CYP3A enzymes, due to their role in the metabolism of steroid hormones, are suggested to affect carcinogenesis of hormone-related cancers. The purpose of the present study was to evaluate the association between polymorphisms located in CYP3A43, breast cancer risk, and tumor characteristics.

METHODS:

A 3-plex matrix-assisted laser desorption ionization time of flight mass spectrometry assay has been established for CYP3A43_74_delA (CYP3A43*2A), CYP3A43_1018_C>G (CYP3A43*3), and CYP3A43_1047_C>T (CYP3A43*1B) polymorphisms, and 1021 breast cancer cases and 1015 age-matched, population-based controls from the German GENICA collection have been genotyped.

RESULTS:

No differences in genotype frequencies between cases and controls were observed, indicating that CYP3A43_74_delA is not associated with breast cancer risk.
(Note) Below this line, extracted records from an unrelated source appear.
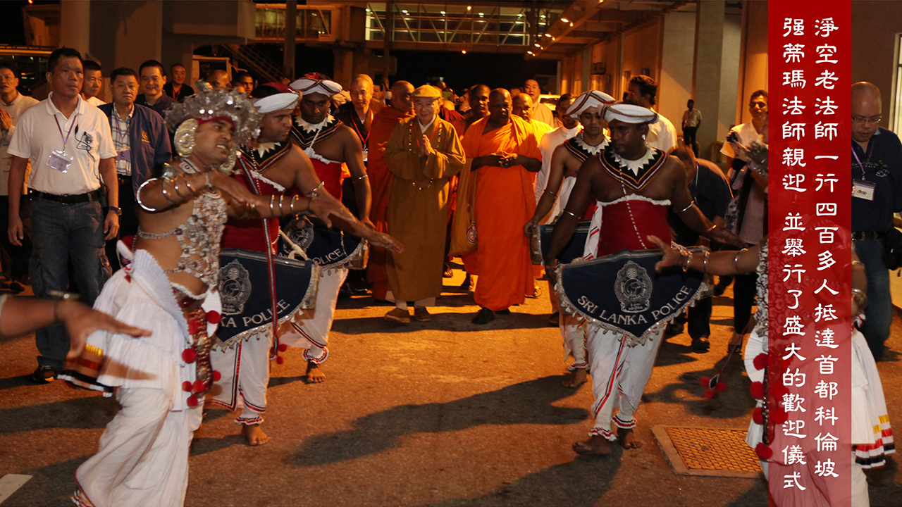 淨空老法師一行四百多人抵達首都科倫坡 強帝瑪法師親迎 並舉行了盛大的歡迎儀式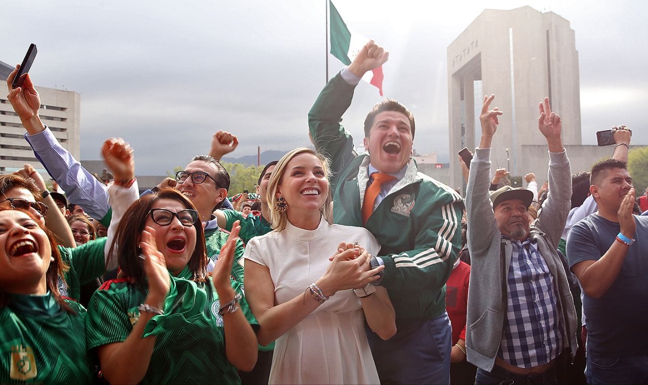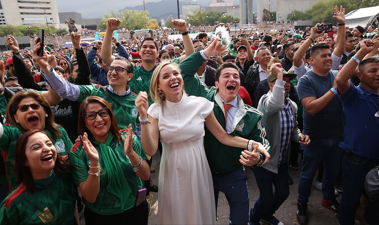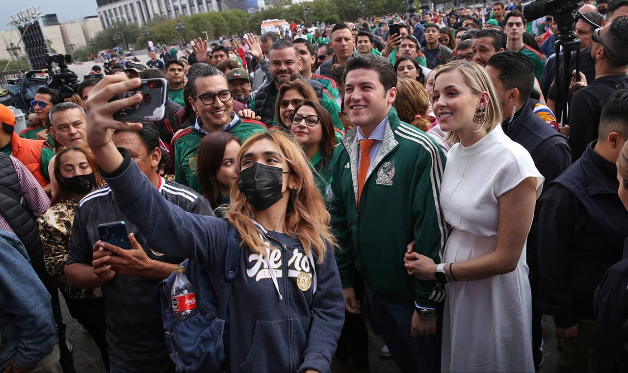 Acompañados por cientos de aficionados, el Gobernador Samuel García Sepúlveda y Mariana Rodríguez Cantú, de Amar a Nuevo León, presenciaron esta tarde la transmisión del partido de la Selección Mexicana y la Selección de Arabia Saudita en la Explanada de los Héroes.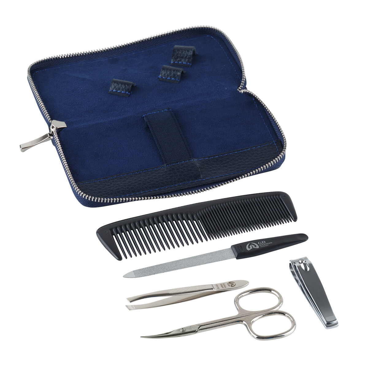 Мужской дорожный маникюрный набор GD из 5 предметов. Инструменты: ножницы для ногтей, пилка металлическая 12,5 см, пинцет скошенный, книпсер для ногтей 6 см, расческа.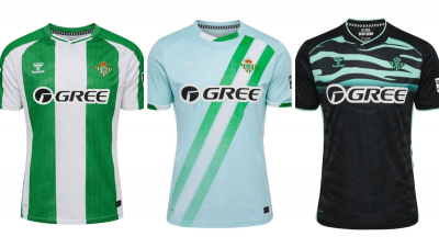 БЕТИС: Hummel использует более широкие полосы на первой форме, вторая форма в светло-голубом цветае Все три формы стоят 84,95 евро.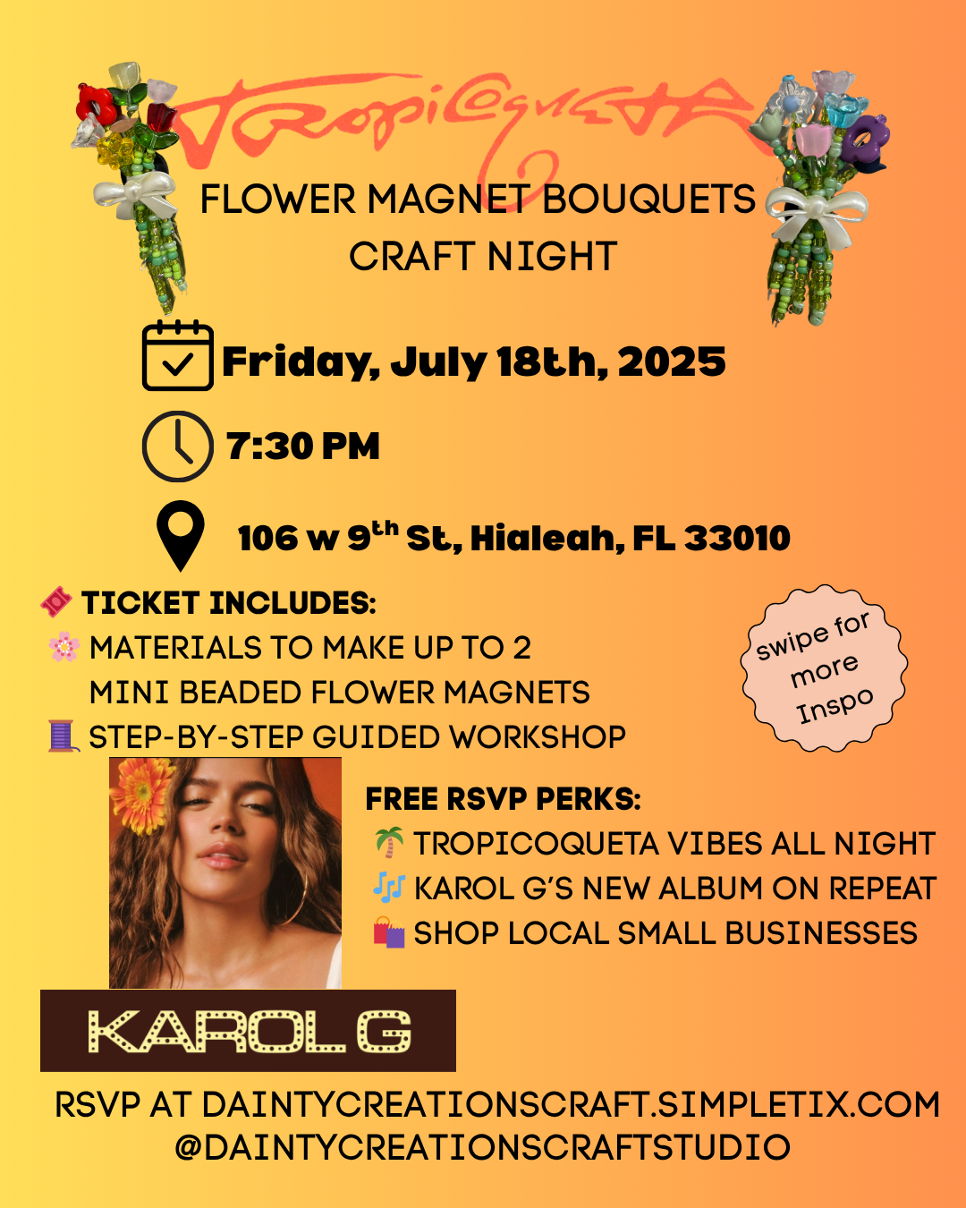 Hosted by Dainty Creations Craft Studio, LLC, join us on Friday, July 18th, 2025 at 7:30 PM at 106 W 9th St, Hialeah, FL 33010 for a creative and colorful night filled with beads, florals, and Tropicoqueta vibes 💅🌴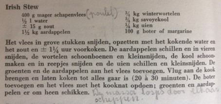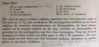 Beiden: “Pannenkoeken gaan er altijd in. Janny: “Liefst met spek! En als je er over hebt, met een aluminiumfolie ertussen zo de diepvries in en later opbakken. Heerlijk! Maar…. voor zo’n grote groep pannenkoeken bakken lijkt me een hele toer.” Mina: “”Van de huishoudschool blijft me bij dat ik van juffrouw van de Burg Irish Stew (Ierse stoofpot) moest koken. Dat was me toch lekker.” Janny: “We zullen er mijn ‘Neerlands Kookboek’ wat ik in 1951 op diezelfde huishoudschool gebruikte, eens op naslaan. Wat zie ik, het recept staat er nog in ook.” Mina: “Nou, dat mag je wel als tip doorgeven aan de koks van het Eetcafé. Dan kom ik nog een keer extra!”<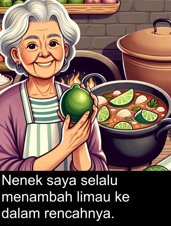 Nenek saya selalu menambah limau ke dalam rencahnya.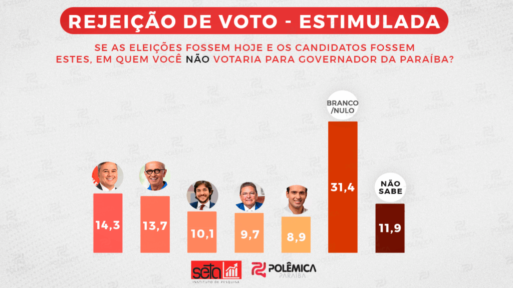 O levantamento também mediu a rejeição dos pré-candidatos. O senador Efraim Filho aparece com o maior índice, 14,3%, seguido de Cícero Lucena (13,7%). Logo atrás estão Pedro Cunha Lima (10,1%), Adriano Galdino (9,7%) e Lucas Ribeiro (8,9%).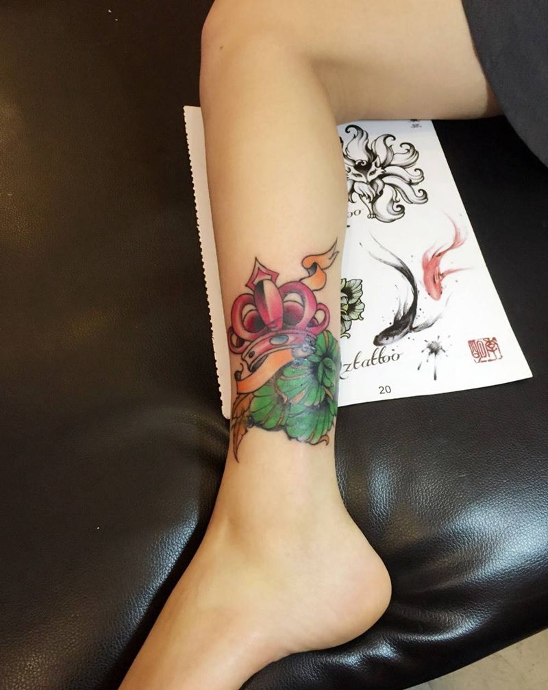当前位置: 首页 >浙江省丽水市纹身店-金魁刺青纹身图案>遮盖皇冠纹身图片_成品腿部欧美清新植物静物纹身图案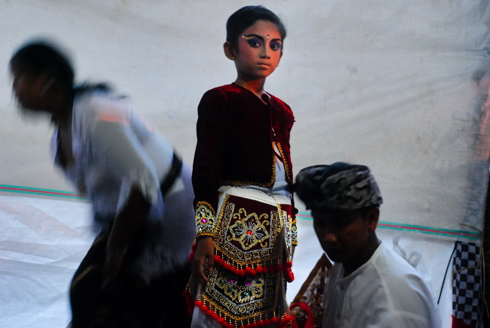 Dues vegades l’any al temple ubicat al nord d’un vilatge balinès, alçat entre un verdissar de camps d’arròs i arran d’una gorja profunda per on discorre un rierol, s’hi celebra una cerimònia hinduista anomenada Mecaru Godel o Butayadnya. Els rituals religiosos s’allarguen uns quants dies. Durant les hores diürnes les dones del poble omplen de flors i paneres de menges els altars i pavellons del temple. Són ofrenes pels ídols que els presideixen. Després els honoren pregant assegudes sobre el terra de lloses. Però és a les nits quan l’activitat al santuari arriba a l’apogeu. Famílies senceres ocupen el recinte del temple per trobar-se amb convilatans i els esperits dels seus difunts. Amb la pregària s’acosten a les ànimes i a través de la meditació profunda poden comunicar-s’hi. Els bramans són el pont entre el món visible i l’intangible. Salmòdies atàviques, dringar de campanetes, pètals d’oloroses flors i aigua beneïda configuren el marc per accedir a l’univers reconfortant de l’esperit. Recolliment general i benediccions massives transporten els fidels a una dimensió més enllà de la física, immersos en un silenci absolut només trencat per l’esporàdic tritlleig de la petita campana que branda el gran sacerdot o pedanda. Sota pavellons oberts als quatre vents sona harmònicament el metall de gongs i platerets, amorosit per timbals i flautes. Són un parell d’orquestres de gamelan tocades pels homes del poble. Els creients que esperen torn per accedir al més sagrat del santuari amb la intenció de purificar-se, i els que ja ho han fet, s’estan en un àmbit més distès destinat a la contemplació de danses de profunda significança religiosa. És l’hora del Calonarang. El moment de les representacions dramàtiques que rememoren l’origen de Bali, una amalgama de llegendes i màgia expressada bàsicament a través de la dansa. El ball que veiem al vídeo es diu Topeng Jauk Keras, que podríem traduir per “dansa amb màscara de color vermell”. Balla un nen del vilatge de a penes 10 anys. L’enregistrament és fet des d’un angle inusual, concretament des del costat oposat als músics i espectadors, a l’esquena del ballarí. Val la pena observar el vívid ambient a l’entorn del noi que dansa amb gran entusiasme.

Subgroup analyses showed an association between the CYP3A43_74_delA allele and high-grade tumors (odds ratio, 1.74; 95% confidence interval, 1.14-2.65 [P = .010 and Ptrend = .012]).

CONCLUSIONS:

The data support the notion that the CYP3A43_74_delA variant may result in decreased protein and/or activity levels, and this may further lead to increased hormone levels to promote tumor cell growth and hinder differentiation. Cancer 2010. © 2010 American Cancer Society.